2014/12/17 クレームへの対応について
弁護士 58期 松 村 寧 雄
1 はじめに
およそ営利活動をしている事業体であれば,対顧客との関係において,クレームを受けることは避けられません。製造業,小売業であれば,商品の瑕疵に対するクレームが代表的なものですし,サービス業であれば,サービスへのクレームもあるでしょう。
クレームの発生が不可避であるとすれば,どのように対応するかを考えておかなければ,本来の営利活動に支障が生じかねません。当職らにとっても,ご相談いただく機会が多いこのクレーム対応ですが,一般的な対応の方法について触れてみたいと思います。
2 クレーム対応の基本的な考え方
クレーム対応において最も基本となる考え方は,クレーム発生当初の段階において,法的に理由のあるクレームか,理由のないクレームかの区別をつけるということです。この区別をつけることにより,その後の対応方針を決めることができます。
そのためには事実関係の調査が必要ですが,いわゆる5W1Hなどの必要な事実関係を網羅できるよう,電話聞き取りメモなどを予めフォーマット化しておくことや,対応マニュアルを作成しておくことなど,クレームが発生した場合でも冷静に対応できる態勢を整えておくことが有用です。クレーム発生直後ですので,相手方が激高しているような場合も多々あるとは思いますが,対応する側が冷静に対処し,まずは相手方の言わんとすることをよく聞いて,事実を調査することが何より重要です。
3 法的に理由のあるクレームへの対応
上記の調査の結果,相手方のクレームに法的な理由がある=こちら側に問題があると判断したら,次は,相手方や関係者からのさらなる事情聴取や損害賠償に備えて,損害額の検討を行いましょう。その上で,相手方との交渉を行うという手順を踏むのが一般的でしょう。
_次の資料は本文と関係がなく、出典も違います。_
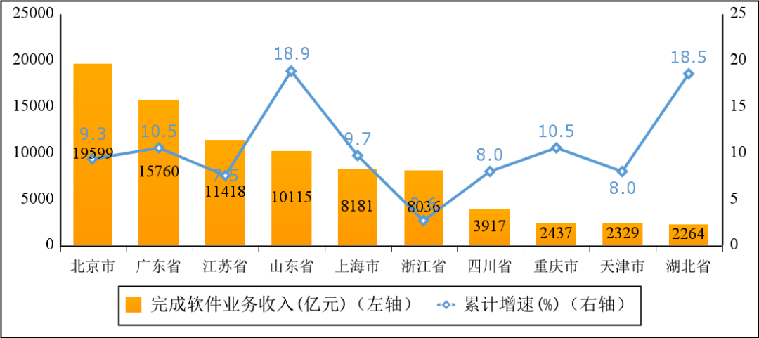 主要軟件大省收入占比小幅提升。1—11月份,軟件業(yè)務(wù)收入居前5名的省份中,北京市、廣東省、江蘇省、山東省、上海市軟件收入分別為19599億元、15760億元、11418億元、10115億元和8181億元,分別增長(zhǎng)9.3%、10.5%、7.5%、18.9%和9.7%,五?。ㄊ校┖嫌?jì)軟件業(yè)務(wù)收入65074億元,占全國(guó)比重為68.7%,占比較去年同期提高0.1個(gè)百分點(diǎn)。
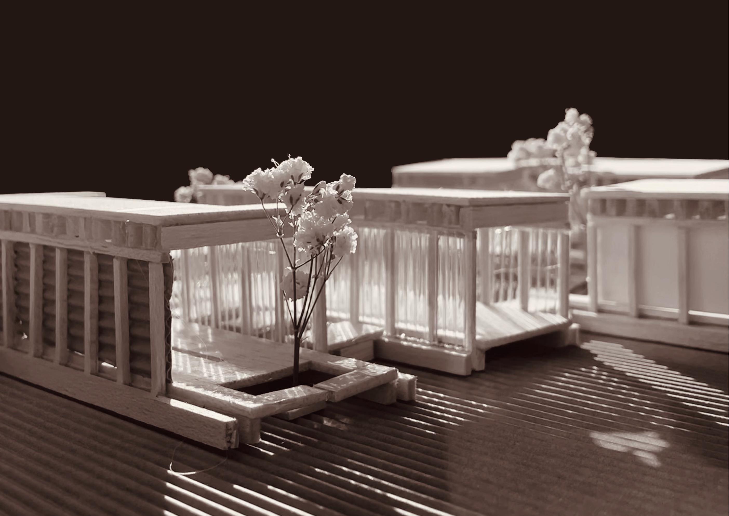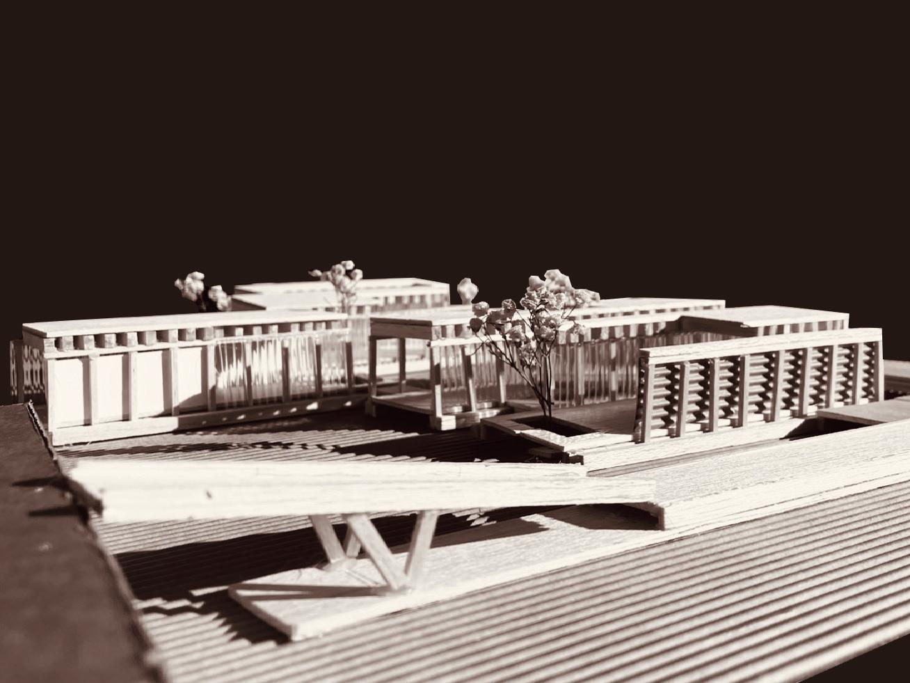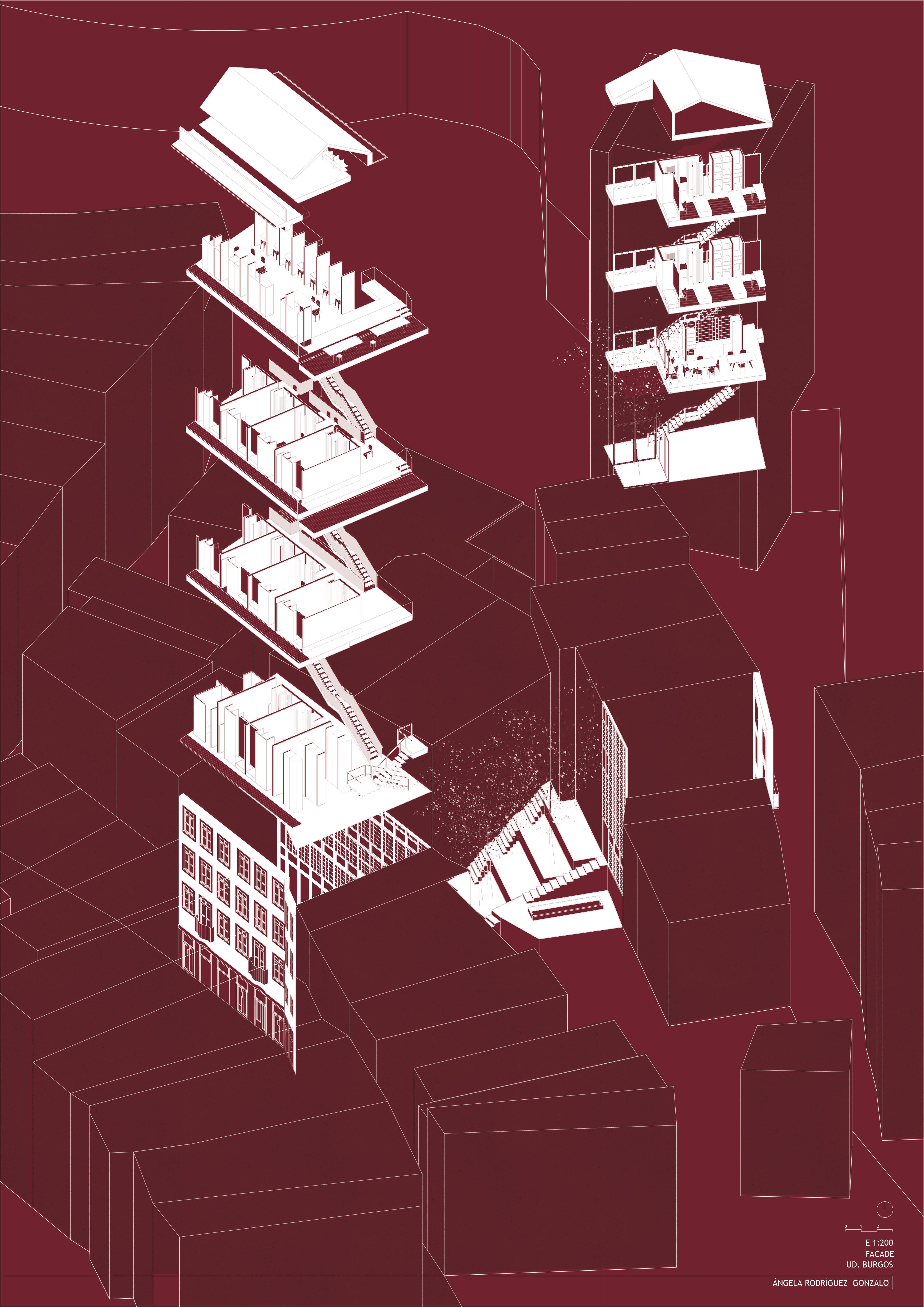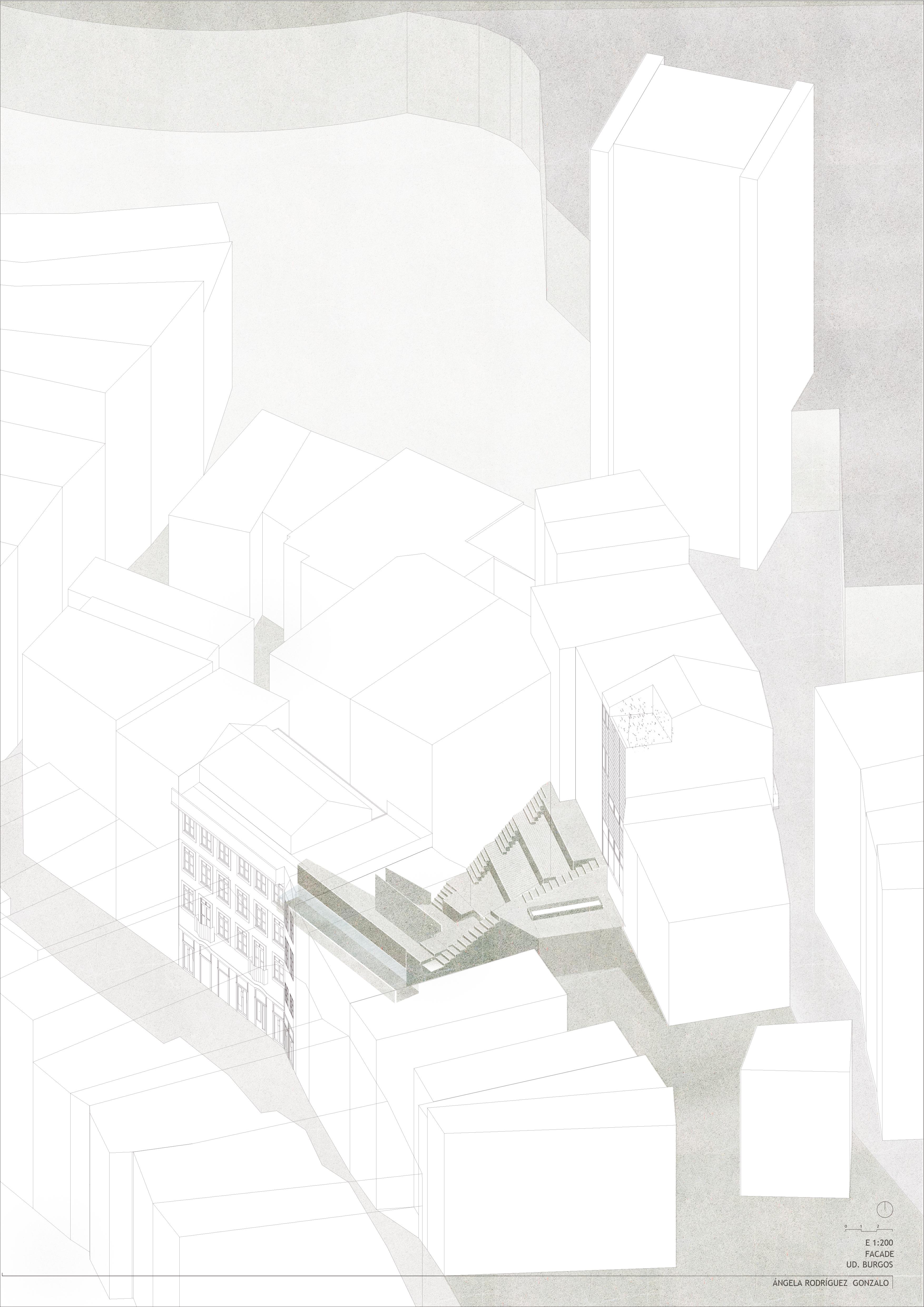 FACADE responde a una organización en bandas, paralelas a la calle en el edificio norte, que continuan por el jardín y evolucionan a bandas perpendiculares a la calle en el edificio sur.

この場合には,クレームに法的に理由がある以上,こちら側から何をどのように賠償するのかがポイントです。ただし,注意すべき点は,相手方の要求がエスカレートする場合には,任意交渉を打ち切ることも考えておかなければならないということです。立場が強いと判断した場合には,どんな人物であったにせよ,要求がエスカレートすることはよくある現象です。この場合には,裁判での解決を視野に入れることも必要でしょう。仮に裁判となった場合であっても,損害額の算定においてある程度見通しが立っているはずですから,負わなければならないリスクも想定できることからすれば,過大な要求に安易に応ずる必要はなく,裁判自体を避けなくとも良いのです。
4 法的に理由のないクレームへの対応
反対に,法的に理由のないクレームであることが明らかになった場合には,対応方針としては,基本的には,拒否,拒絶するだけです。
ただし,この場合には,相手方もクレームに法的な理由がないことをわかっているケースが多く,意外と対応に手間取ることがあります。対策としては,円満解決などを考えた曖昧な対応をしないことが重要です。相手方は,こちら側の不用意な発言などを理由に,当初のクレームとは全く異なる点をクレームの対象とすることがあるので(ある意味,本来の意味でのクレーマーはこれを狙っている),対応においては,細心の注意を払うことが必要です。
最終的に折り合いが付かなければ,交渉の終了を宣言し,突き放してしまうことも解決策の一つです。円満な解決に固執しなくとも良いのです。
5 異常なクレーマーへの対応
上記3,4のいずれの場合にも,反社会的勢力を背景としたクレーマーや脅迫,恐喝行為を伴うクレーマーも存在します。
基本的な対応策としては,上記3,4のとおりではありますが,このような場合には,早期に弁護士への対応を依頼することが解決の近道です。また,方法論として,実際の交渉においては,電話であれば録音すべきですし,直接対面しなければならない場合には,複数人での対応が鉄則です。録音,録画の方法も併用すると良いでしょう。
犯罪に該当するような行為が予想される場合には,警察への対応依頼も視野に入れておくべきです。
6 最後に
上記の記載と矛盾するようではありますが,忘れてはいけないのは,クレームそのものはこちら側の至らない点についての有り難い指摘でもある点です。実際は,不都合があったとしてもクレームも言わずに去って行く顧客がほとんどです。クレームがあることにより,よりよい商品作り,サービスの構築につながる情報を得られることもあります。クレームを活かすという意味で,クレーム対策を本格的に取り組まれてはいかがでしょうか。